Available in both hardcover and paperback formats.
I haven’t had the chance to read the original novel, and I was honestly a bit worried that this would ruin my experience. That maybe, in order to enjoy this version, I’d have to read the original unabridged story first. However, the greatly condensed manga does a very good job of serving its purpose. As the adaptors said, it makes the new reader want to read the original in order to understand the story better. It certainly made me feel that way.
Hester gives us the image of strength in the face of adversity from the very first panel. The sharp contrast of the red ‘A’ she wears to the rest of the story (in black and white) has a very subtle yet firm effect on the story. While it is obvious how she could very easily blend in with the rest of the village, the mark of her sin bears down on almost everything she does. However, the meaning of the letter transforms as she becomes wiser, from “adulterer” to “able” and even to “angelic”. The subtle ways in which Manga incorporates the aura the characters have about them is maintained, best portrayed in the cases of Chillingworth and Pearl. Chillingworth’s snake is shown more than once, and Pearl’s spooky eyes up until the point when her father dies. Also her abnormal questions and abnormal observations. Dimmesdale also has this repentant sympathetic sinner vibe to him that had me wondering about the mystery from the very first scene. The absence of the unrealistic humorous characteristics usual to manga contributed a lot to the mood of the story.

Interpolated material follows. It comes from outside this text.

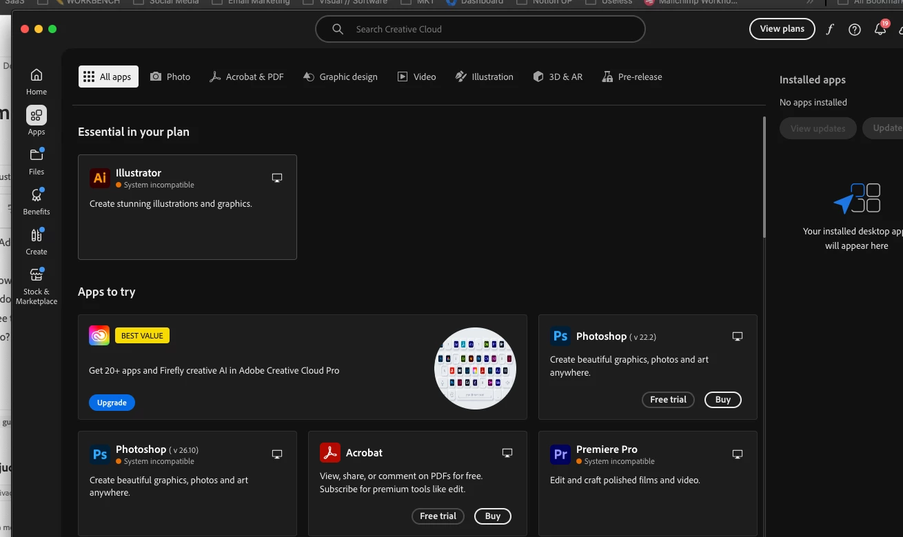 I purchased Adobe Illustrator CC, and when I try to install it, it tells me that it is not compatible with macOS 10.15.7.
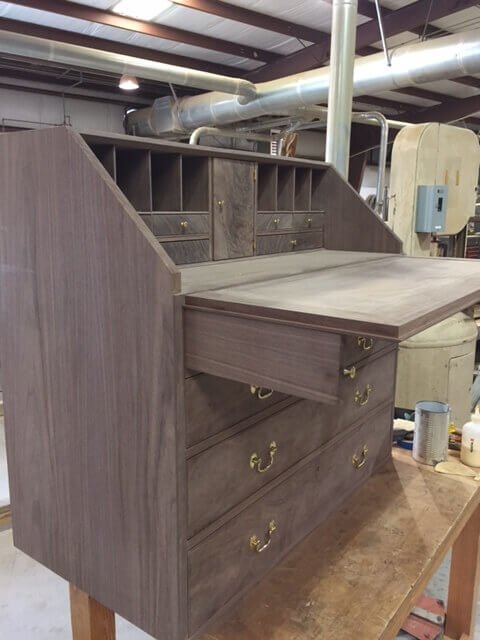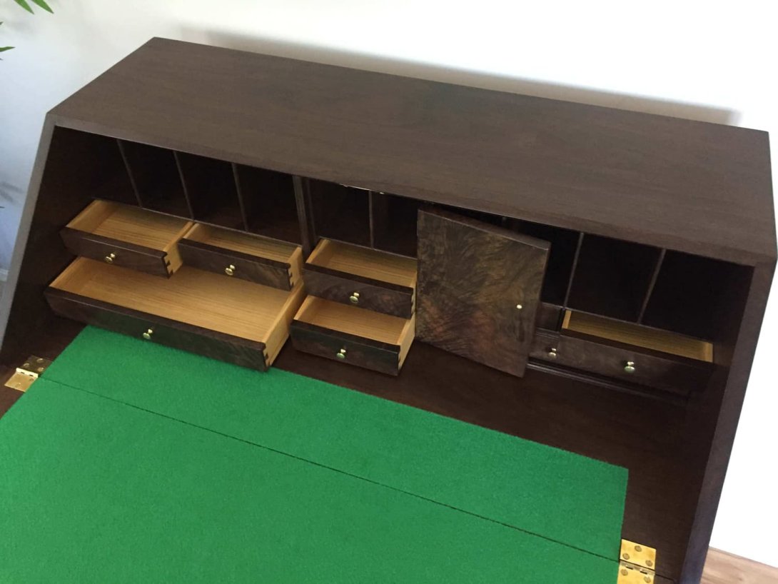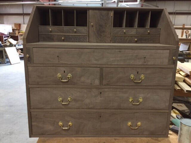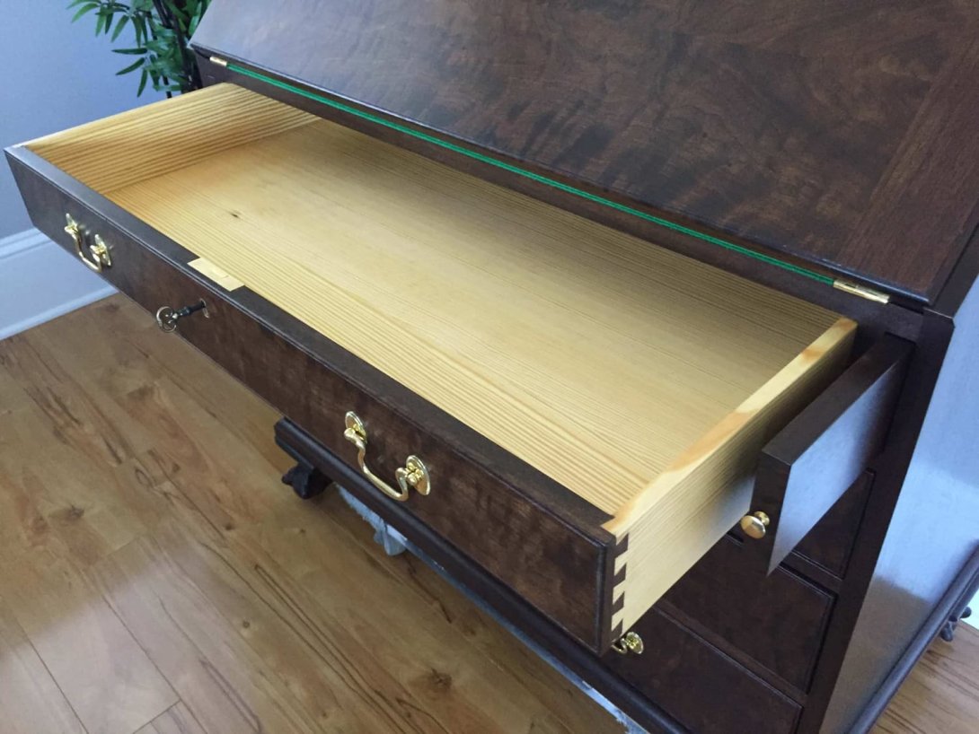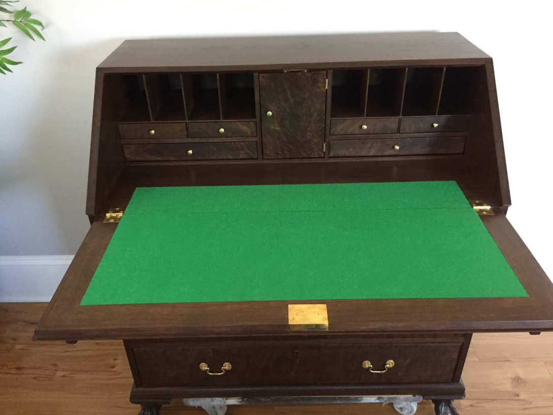 This project is a stunning reproduction of a classic 18th-century slant-front desk, meticulously crafted using time-honored woodworking techniques. The exterior is fashioned from rich, solid walnut, celebrated for its beautiful grain and deep, warm finish. Authenticity shines in every detail, from the period-perfect brass bail pulls and locking drawers to the traditional green felt writing surface.

Also, the highly detailed authors’ note at the end brought a lot of things into light. While I didn’t really spot the many intricate details, and that didn’t really take away from the story, noticing them would have made it that much more fascinating.
Someday, I’ll read the Manga Classics version of Pride and Prejudice. The other Manga Classics sound pretty enjoyable too. By using this form of storytelling for these revered stories makes them more approachable, especially for the younger generation, with our short attention spans.
Should I mention that manga is read from right to left? Yes, you start where you would conventionally find the end of the book.
Disclaimer: I received this book free of cost from the publisher through the NetGalley review program. I was not required to write a positive review. The opinions I have expressed are my own. I am disclosing this in accordance with the Federal Trade Commission’s 16 CFR, Part 255 “Guides Concerning the Use of Endorsements and Testimonials in Advertising.”